Attraktive Neuzugänge im Oldtimermuseum

Perleberg Beim Besuch des Oldtimermuseums bekommt die Jugend große Augen und die reife Generation schwelgt in Erinnerungen. Seit einigen Tagen ist das jüngste museale Kleinod um einige betagte Kostbarkeiten reicher.
Nicht ohne gewissen Stolz zeigt Horst Schneider, der über ABM die Geschicke des Oldtimermuseums leitet, auf eine sogenannte Schrittmachermaschine aus dem Jahre 1925. "Dieses Stehermotorrad für den Radrennsport ist nicht nur eine Spezialanfertigung für Ausscheide auf den Bahnen, sondern auch eine wahre Rarität", betont er.
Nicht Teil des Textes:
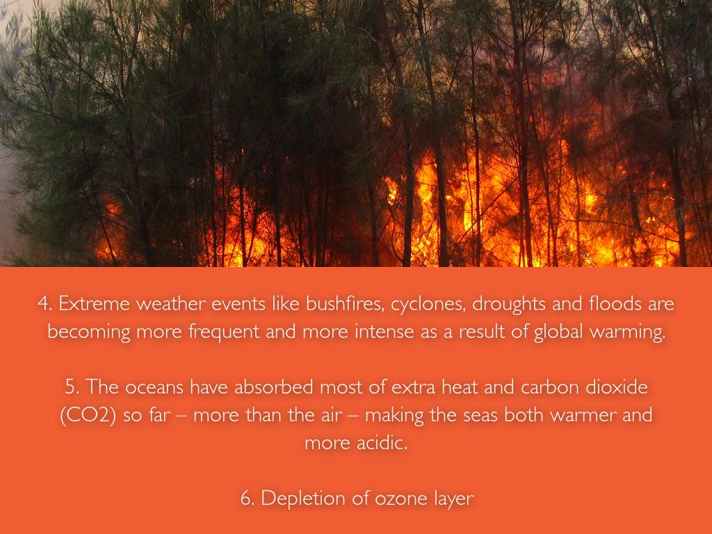 4. Extreme weather events like bushfires, cyclones, droughts and floods are becoming more frequent and more intense as a result of global warming.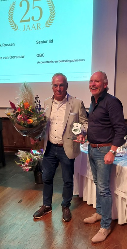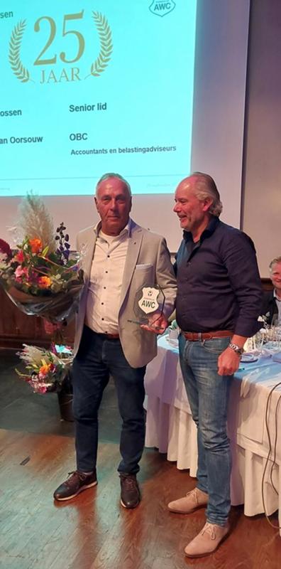 Als afsluiting waren er nog 2 jubilarissen die zich 25 jaar aan de BC hebben verbonden, waarvoor onze hartelijke dank. Sjaak Rossen, Senior lid en Peter van Oorsouw van OBC Accountants en belastingadviseurs ontvingen een mooie bos bloemen en het traditionele BC schildje van voorzitter Harm Rutten.

Das gute Stück, das Jörg Zimmermann aus Friesack restauriert hat und als Leihgabe dem Museum zur Verfügung stellte, hat einen Hubraum von 2000 Kubikzentimeter, "das haben nicht einmal unsere heutigen Maschinen". Zudem besitzt es kein Getriebe, die Übersetzung erfolgt direkt vom Motor über einen Lederriemen auf ein Holzrad.
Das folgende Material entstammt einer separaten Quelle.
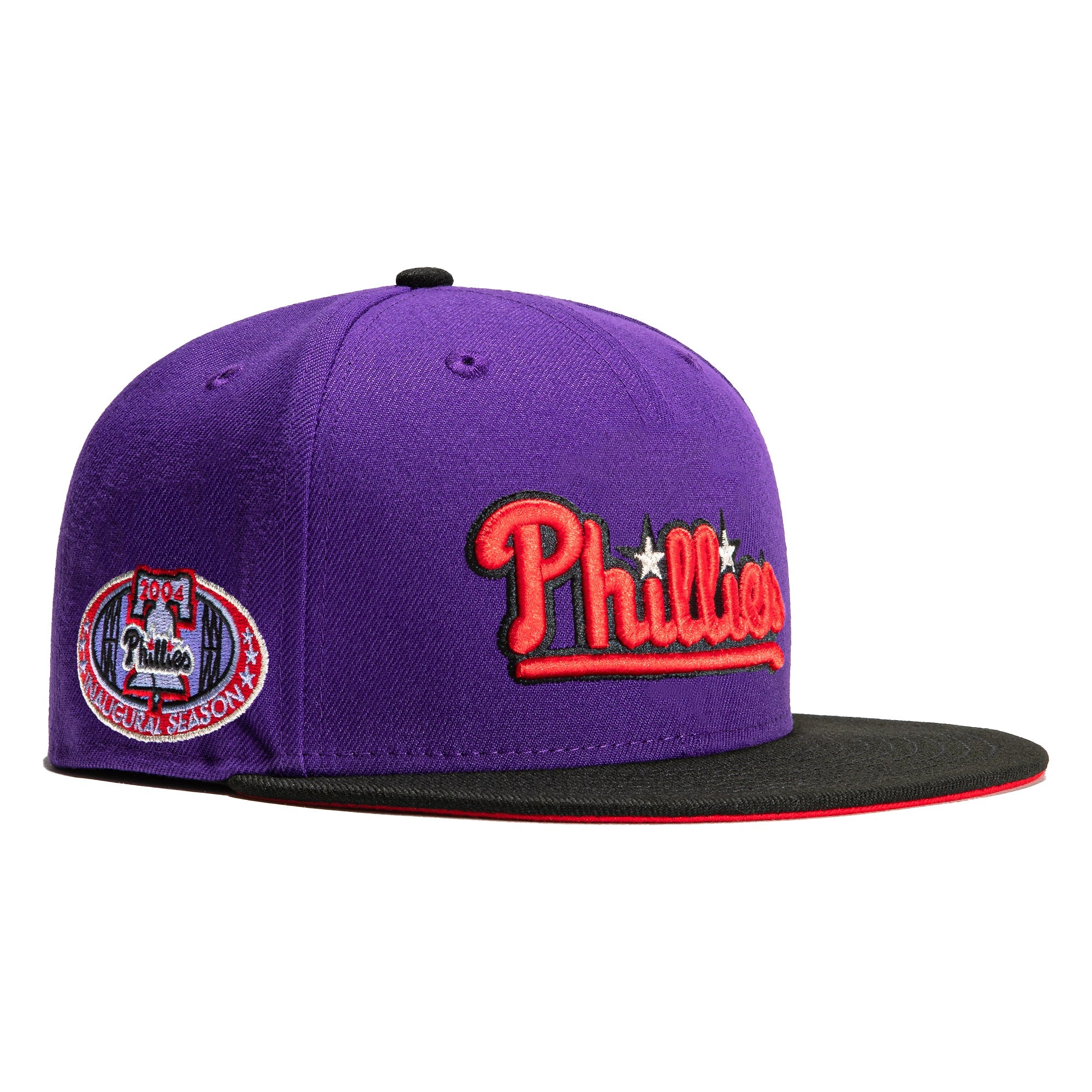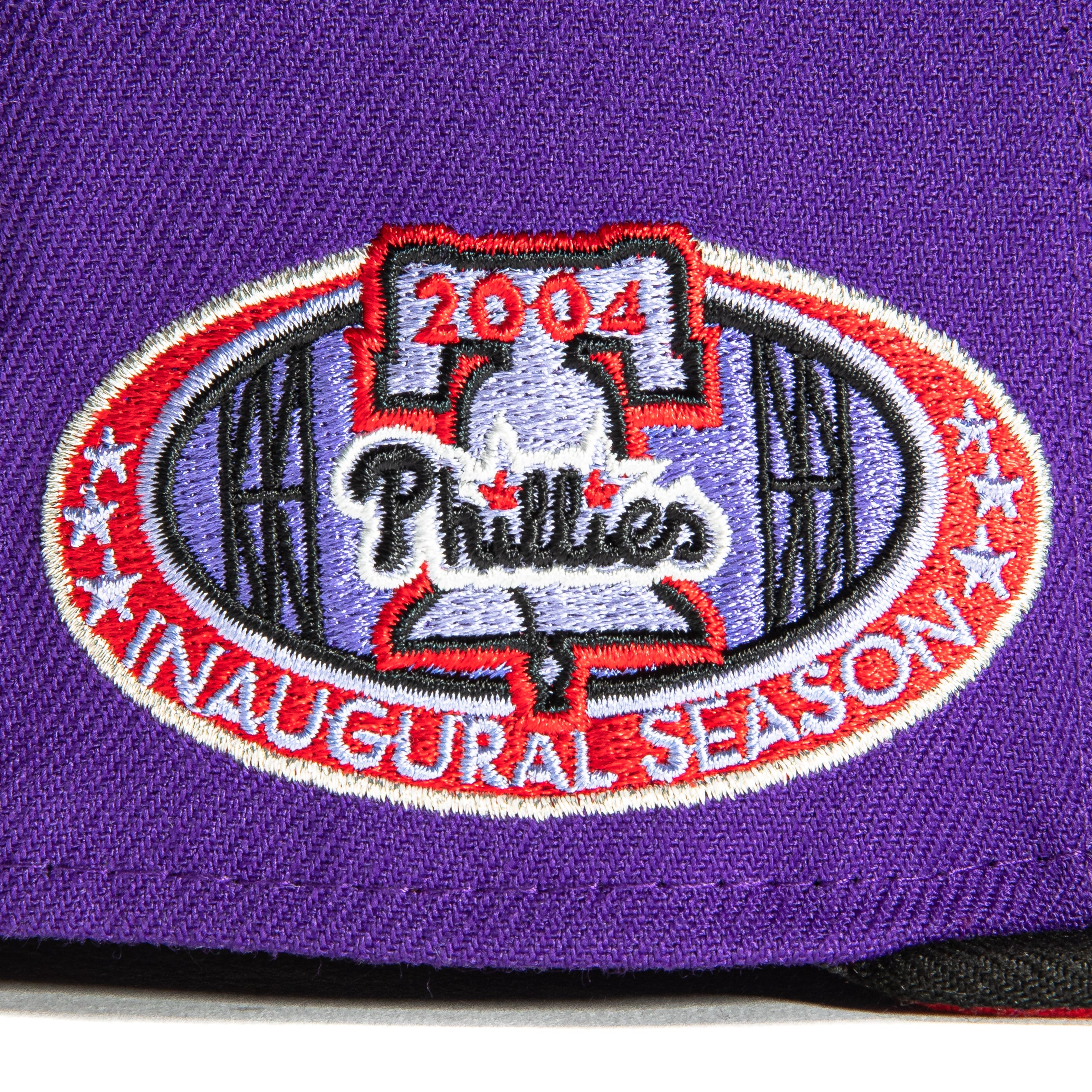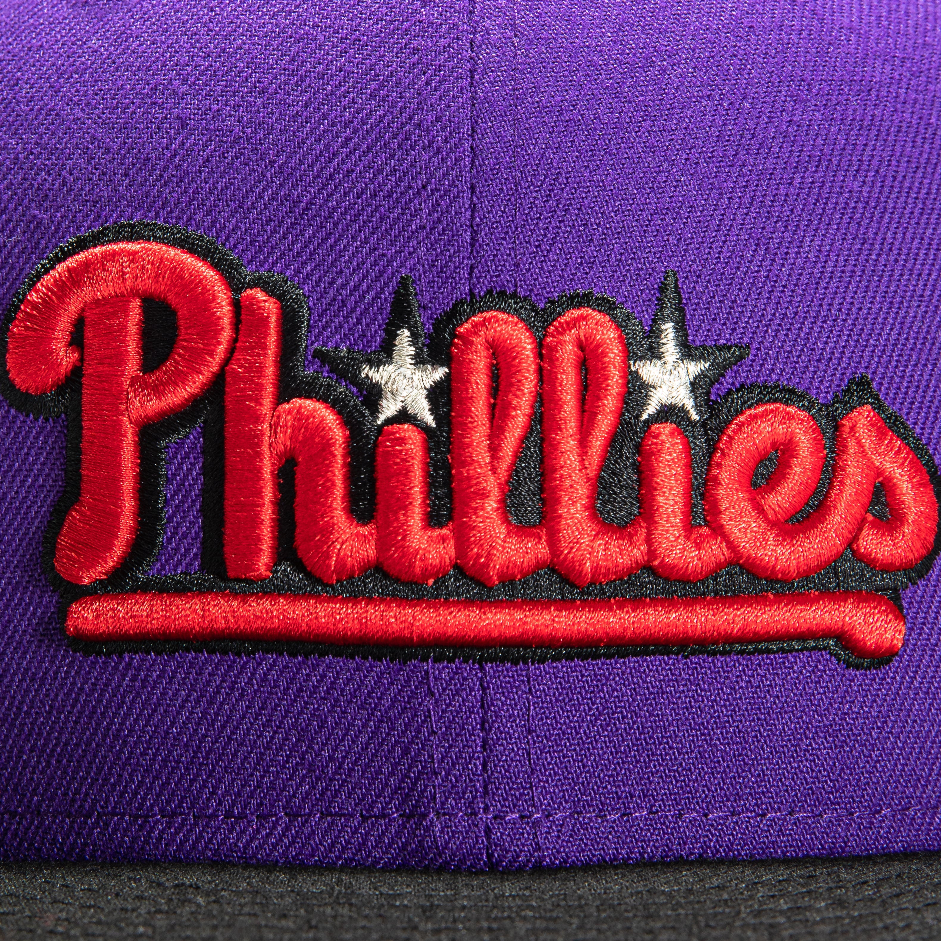 This New Era T-Dot Philadelphia Phillies 1996 All-Star Game 59FIFTY Fitted Hat is a Hat Club exclusive. It features a purple six panel structured high crown and embroidered eyelets with a black fabric squatchee button. The fitted cap has a black flat bill with a red undervisor. The front panel features the Philadelphia Phillies logo embroidery and a side patch embroidery on the right panel. The left panel of the fitted displays the New Era logo and the official MLB logo embroidery on the rear crown.

Zu den Neuzugängen zählt auch eine "Flottweg III F" aus dem Jahre 1923. Auf 55 km/h brachte es das Maschinchen, doch "Geschwindigkeit ist eben nicht alles", setzt Horst Schneider den Gedanken fort. Zum einen waren die Straßen gar nicht dafür geeignet. "Innerorts hatte man Kopfsteinpflaster, außerhalb Sand- und Schotterpisten." Das Motorrad war etwas Besonderes, aber wiederum kein Luxus. Es war ein Transportmittel, möglichst auch für die ganze Familie, das stabil und zuverlässig sein musste. Auch wenn ein Auto in den 30er Jahren ein weitaus größeres Statussymbol war, mit einem Motorrad war man schon jemand. Und die Ardie 500 TM war schon ein Schmuckstück, "ein Traum für viele, den sich manch einer erst erfüllen konnte, als das Gefährt längst ein Oldtimer war".
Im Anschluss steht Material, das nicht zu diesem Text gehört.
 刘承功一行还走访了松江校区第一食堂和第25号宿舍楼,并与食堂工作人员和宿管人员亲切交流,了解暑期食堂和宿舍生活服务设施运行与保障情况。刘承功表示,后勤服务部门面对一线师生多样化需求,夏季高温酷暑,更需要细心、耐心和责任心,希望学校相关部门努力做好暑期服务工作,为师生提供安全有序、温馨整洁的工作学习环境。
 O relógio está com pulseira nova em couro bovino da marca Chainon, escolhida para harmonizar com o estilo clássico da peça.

Auch die Autogalerie im Oldtimermuseum hat Zuwachs bekommen: ein Adler Trumph Junior "Jupiter". Übrigens, auch das Dienstauto des Weihnachtsmanns kann man hier bewundern - ein Dixi DM 2 mit Sperrholzkarosserie. Eigens dafür hat das Museum natürlich über die Feiertage auch geöffnet, so am 1. und 2. Weihnachtsfeiertag sowie Neujahr jeweils von 14 bis 16 Uhr und sonst dienstags und donnerstags von 13 bis 16 Uhr, mittwochs und freitags von 9 bis 12 Uhr und sonntags von 14 bis 17 Uhr.
50 Motorräder, sieben Autos, drei Traktoren, mehrere Fahrräder und diverses technisches Zubehör aus längst vergangenen Zeiten ist hier ausgestellt, kurzum, ein Besuch lohnt sich. Doris Ritzka
Oldtimermuseum lädt auch über die Festtage zum Besuch ein.